Improved Black Hole Fireworks: Asymmetric Black-Hole-to-White-Hole Tunneling Scenario

TL;DR

This paper analyzes a quantum gravity-inspired model of black hole to white hole tunneling, identifies its instabilities, and proposes a minimal modification to improve its physical plausibility, emphasizing the role of irreversibility.

Contribution

It introduces a time-asymmetric modification to the black hole fireworks scenario, addressing instabilities and highlighting the importance of irreversibility in gravitational collapse.

Findings

Identified instabilities in the original model.

Proposed a minimal modification to eliminate instabilities.

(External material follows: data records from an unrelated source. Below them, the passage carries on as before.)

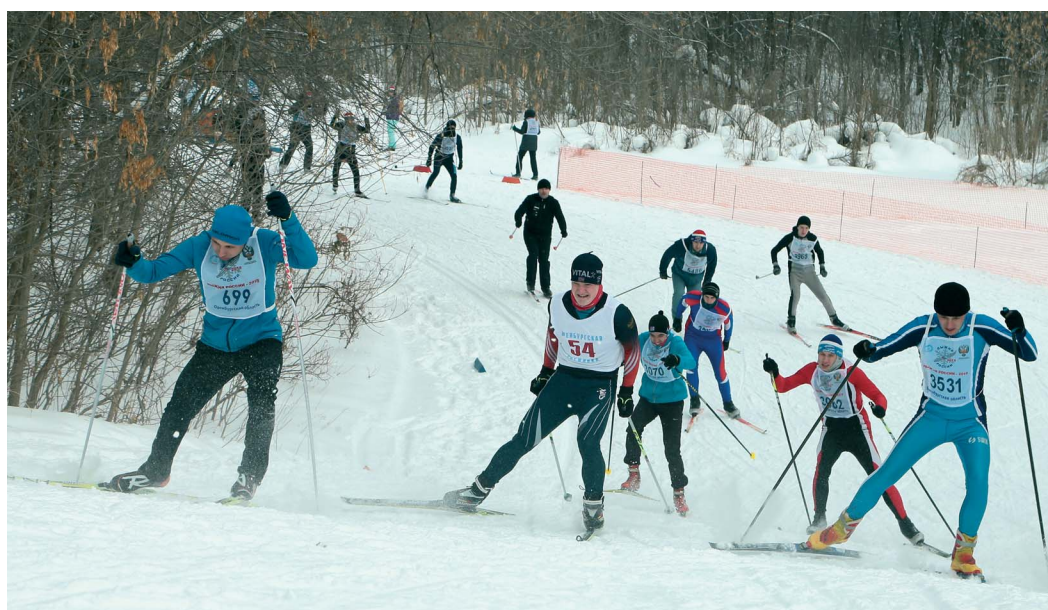
Подъемы и спуски добавили азарта гонщикам

— Тысячи спортсменов участвуют во всероссийской гонке, чтобы проверить свои возможности и сделать эту трассу незабываемой, — отметил председатель объединенной первичной профсоюзной организации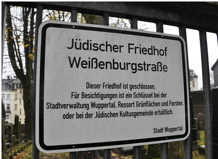
Hinweisschild mit Informationen zur Möglichkeit von Besichtigungen am alten jüdischen Friedhof Weißenburgstraße in Elberfeld-Ostersbaum (2014).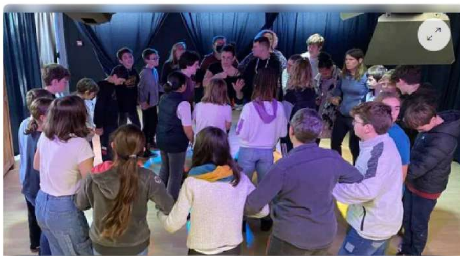
Afin de favoriser l'inclusion au collège Saint-Gildas, un partenariat avec l'association Drom est mis en place.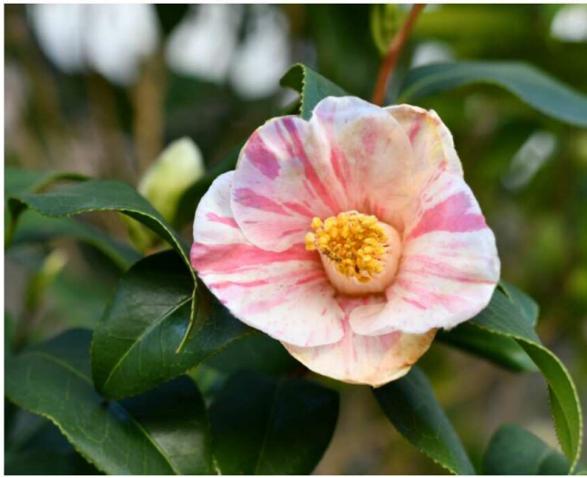
団地の庭に咲く小ぶりのツバキ

私は北海道出身で、お正月には赤い酢だこを食べないで新年になった気がしない。でもこの物価高で昨年よりかなり高くなっている。ささやかなお祝いも味わえなくなりそう。 領別所・磯野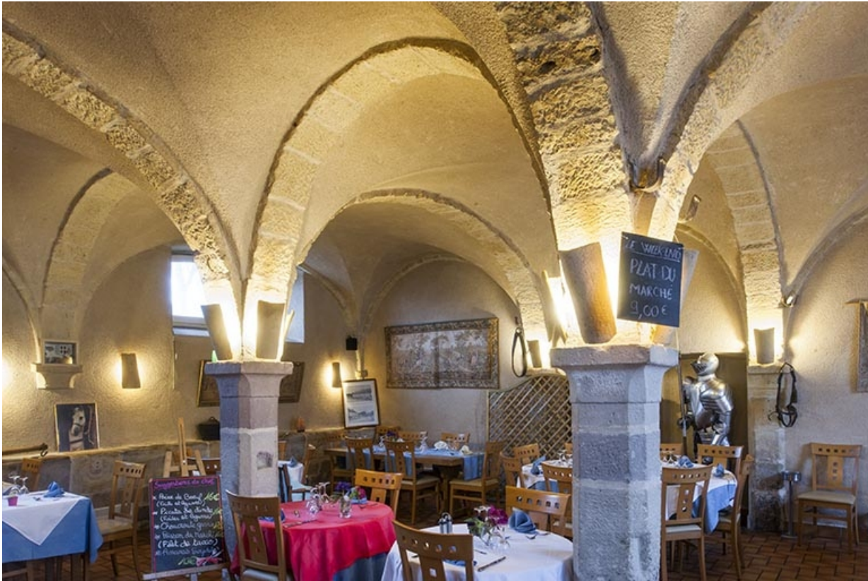
Intérieur : vue depuis l'entrée de trois quart rapprochée.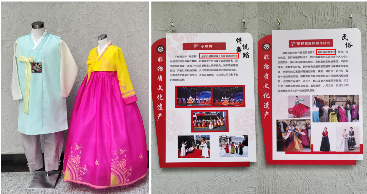
만주족박물관의 창바이산 무형문화유산 전시 중 한복과 전통 한국 춤(2023년 8월 26일)

쪽으로 너인고성과 일직선상에 있다. 창바이산에서 만주족이 탄생하고 문화가 발아했다는 것을 주제로 만주족의 지역적 특색과 문화를 전시하고 있는데, 주로 백두산에서 탄생한 만주족의 문화만을 강조하는 분위기이다.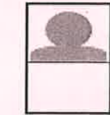
縦横の比率があていないもの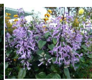
プレクトランサス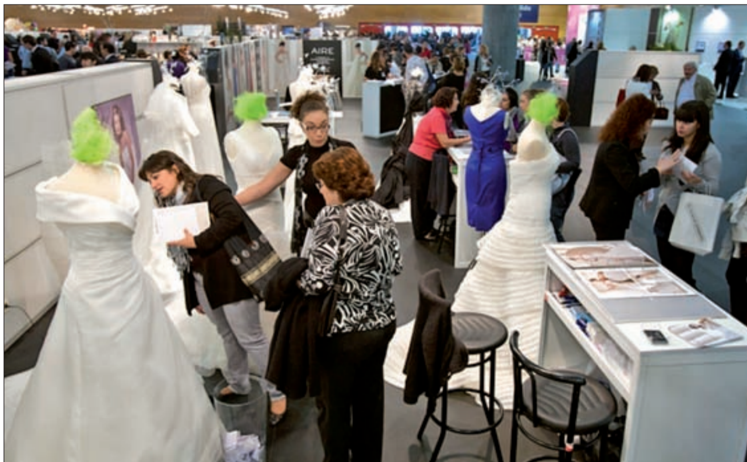
Miles de visitantes recorren cada año el Salón 'Las Mil y Una Bodas' de IFEMA

Emphasized the significance of irreversibility in collapse scenarios.

Abstract

A new scenario for gravitational collapse has been recently proposed by Haggard and Rovelli. Presenting the model under the name of black hole fireworks, they claim that the accumulation of quantum gravitational effects outside the horizon can cause the tunneling of geometry from a black hole to a white hole, allowing a bounce of the collapsing star which can eventually go back to infinity. In this paper we discuss the instabilities of this model and propose a simple minimal modification which eliminates them, as well as other related instabilities discussed in the literature. The new scenario is a time-asymmetric version of the original model with a time-scale for the final explosion that is shorter than m log m in Planck units. Our analysis highlights the importance of irreversibility in gravitational collapse which, in turn, uncovers important issues that cannot be addressed in detail without a full quantum gravity treatment.